Mais entre ces sept mouvements sociaux, il y a une différence que Perrineau ne voit pas. Elle concerne le septième mouvement, celui de 2012-2013 contre la loi Taubira. Il est d'une autre nature "mentale" que les quatre autres. Là il s'agit, non d'une mobilisation d'usagers défendant des droits acquis (contre un Savary ou un Juppé) - mais d'une mobilisation, désintéressée, pour les fondamentaux de la condition humaine. Les "Manifs pour tous" n'invoquent pas d'intérêts matériels mais l'intérêt moral et psychologique de futurs enfants ; et, au delà, le sens de la vie, la signification du vivre-en-société, la légitime autonomie de la société civile face aux prétentions du parisianisme... Les "Manifs pour tous" portent ainsi un message anthropologique.

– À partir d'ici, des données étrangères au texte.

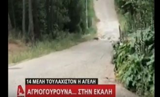 Δείτε αγέλη από 14 αγριογούρουνα να κάνουν… «τσάρκα» στην Εκάλη (βίντεο)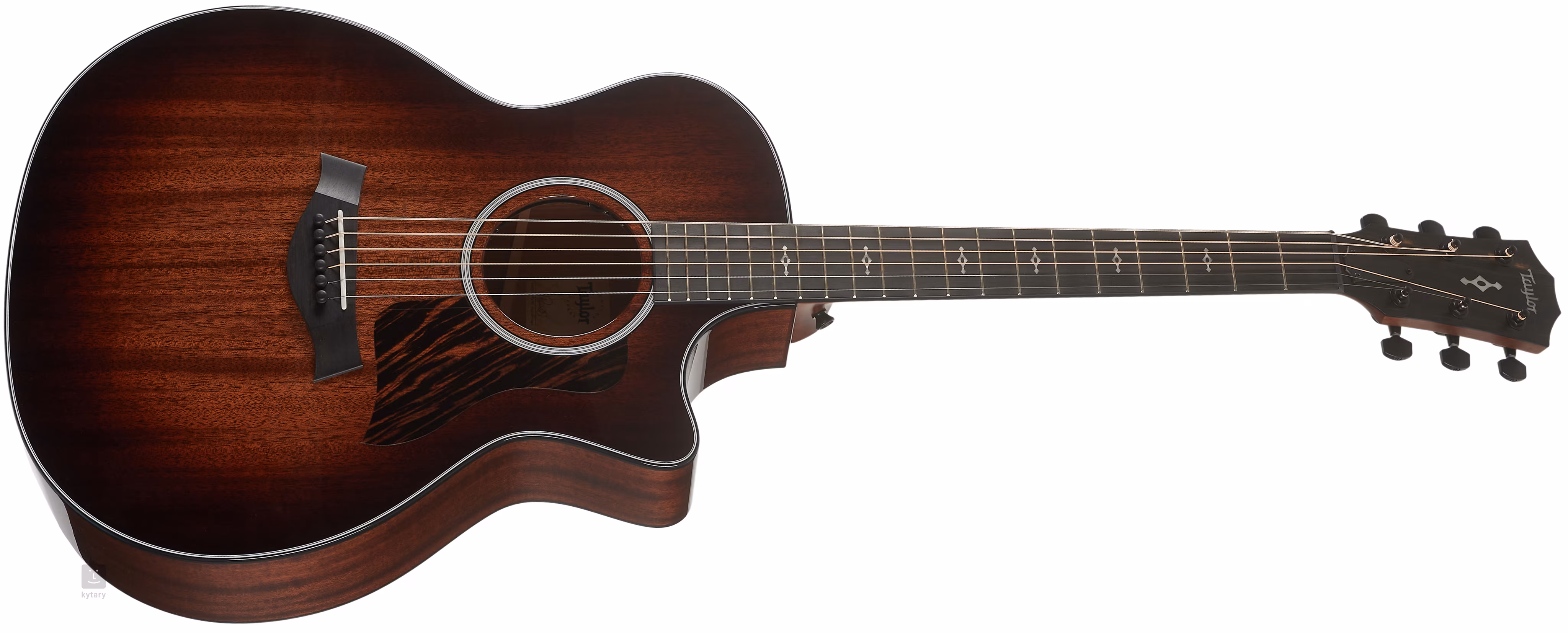 Štýlový povrch zdôrazňuje vrchná doska Shaded Edgeburst, čierne ladiace mechaniky Taylor, čierne lemovanie tela s čierno-bielou intarziou, ebenová dyha na hlave a chránič strún s ohňovým pruhom.

Perrineau pressent cette profondeur d'enjeu. Il voit que le mouvement riposte à "une société de plus en plus libérale" qui nie les réalités. Mais le politologue se trompe en interprétant le mouvement anti-Taubira comme une "demande d'autorité, de verticalité, de repères forts", qui serait, selon lui, le symétrique inverse d'autres mouvements sociaux exprimant, quant à eux, une demande "d'égalité" et d'horizontalité : droits des homosexuels, droits des salariés, droits à l'environnement... Perrineau commet ainsi plusieurs erreurs. En effet : 1. on ne peut pas mettre dans le même sac le LGBT (soutenu par le big business) et les syndicalistes ou les zadistes nantais (qui résistent au big business) ; 2. interpréter le rejet de la loi Taubira comme une demande "d'autorité" est totalement hors-sujet.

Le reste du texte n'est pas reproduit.